Material to process Block Start

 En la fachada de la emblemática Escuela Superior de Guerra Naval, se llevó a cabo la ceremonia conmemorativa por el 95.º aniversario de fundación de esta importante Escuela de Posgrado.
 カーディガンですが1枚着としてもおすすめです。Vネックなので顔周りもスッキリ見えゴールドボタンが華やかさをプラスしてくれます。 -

Material to process Block End
Material to process Block Start

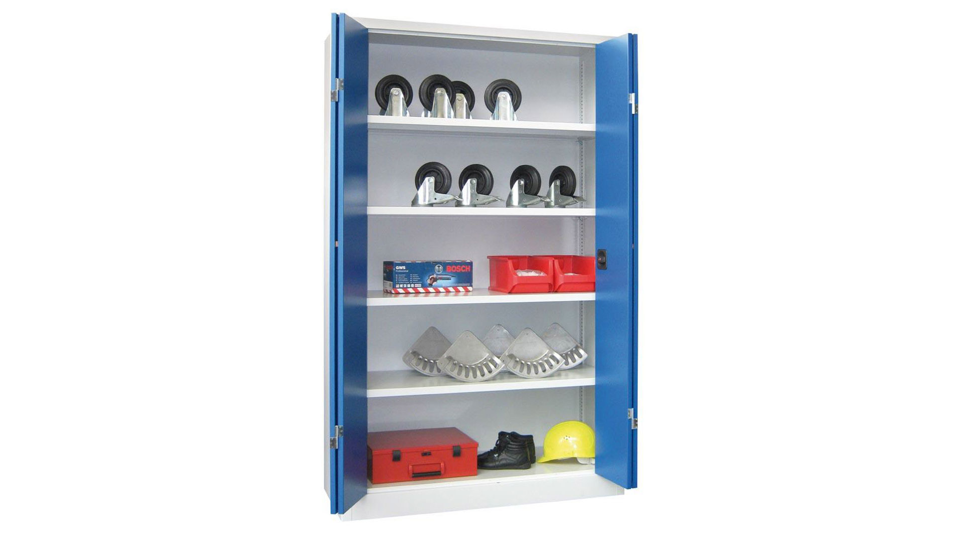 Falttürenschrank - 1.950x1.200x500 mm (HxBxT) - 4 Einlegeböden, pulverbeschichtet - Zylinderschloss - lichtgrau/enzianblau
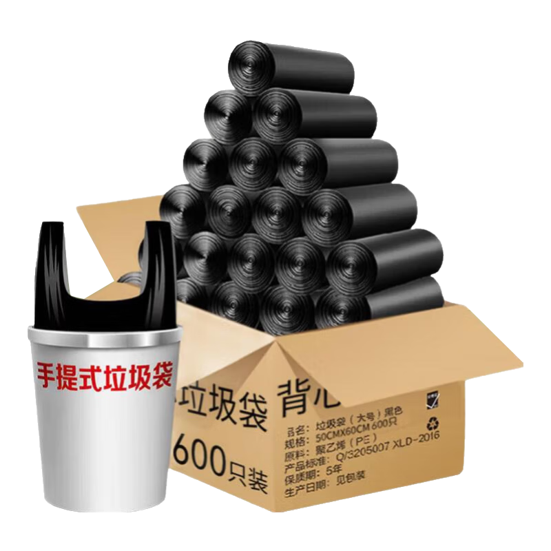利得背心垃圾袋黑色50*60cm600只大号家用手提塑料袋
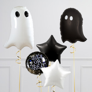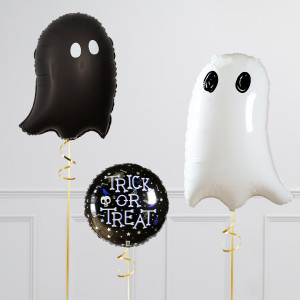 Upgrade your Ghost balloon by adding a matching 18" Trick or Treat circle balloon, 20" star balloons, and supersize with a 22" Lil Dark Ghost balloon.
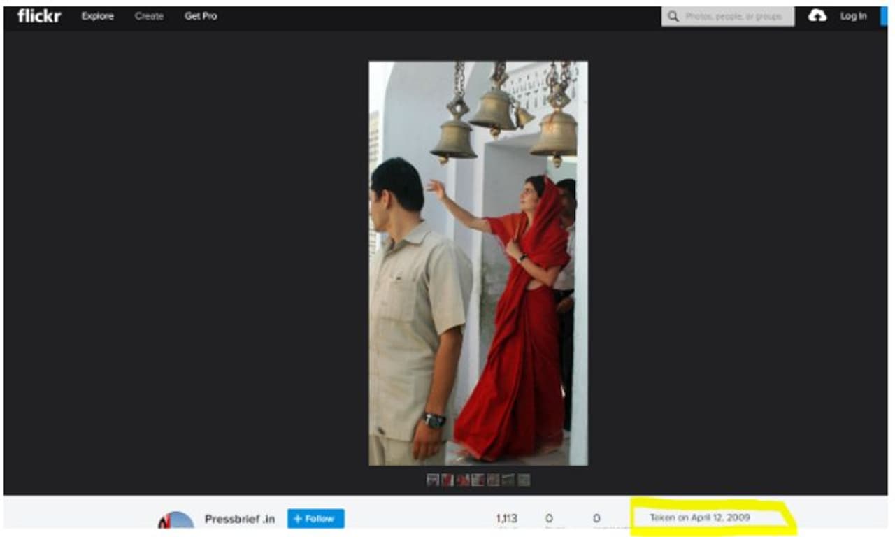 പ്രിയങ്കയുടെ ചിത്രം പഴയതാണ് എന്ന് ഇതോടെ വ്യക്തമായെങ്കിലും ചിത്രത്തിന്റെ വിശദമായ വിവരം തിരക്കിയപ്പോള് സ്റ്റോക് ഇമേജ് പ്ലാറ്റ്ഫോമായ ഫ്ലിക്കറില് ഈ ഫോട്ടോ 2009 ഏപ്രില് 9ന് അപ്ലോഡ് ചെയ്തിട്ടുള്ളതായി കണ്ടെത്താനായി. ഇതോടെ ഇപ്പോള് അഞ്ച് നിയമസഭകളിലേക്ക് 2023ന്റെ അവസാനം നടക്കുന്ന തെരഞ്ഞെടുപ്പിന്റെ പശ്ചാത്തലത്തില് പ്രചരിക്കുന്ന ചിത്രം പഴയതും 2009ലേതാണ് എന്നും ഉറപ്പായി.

Material to process Block End
Material to process Block Start

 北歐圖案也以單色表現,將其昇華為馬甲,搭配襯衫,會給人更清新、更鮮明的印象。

Material to process Block End

Task requirements => Reproduce the lines of the entries above from the one with "En la fachada" to the one with "カーディガンですが1枚着とし", both included, exactly and without any other line.

Task result =>
 En la fachada de la emblemática Escuela Superior de Guerra Naval, se llevó a cabo la ceremonia conmemorativa por el 95.º aniversario de fundación de esta importante Escuela de Posgrado.
 カーディガンですが1枚着としてもおすすめです。Vネックなので顔周りもスッキリ見えゴールドボタンが華やかさをプラスしてくれます。 -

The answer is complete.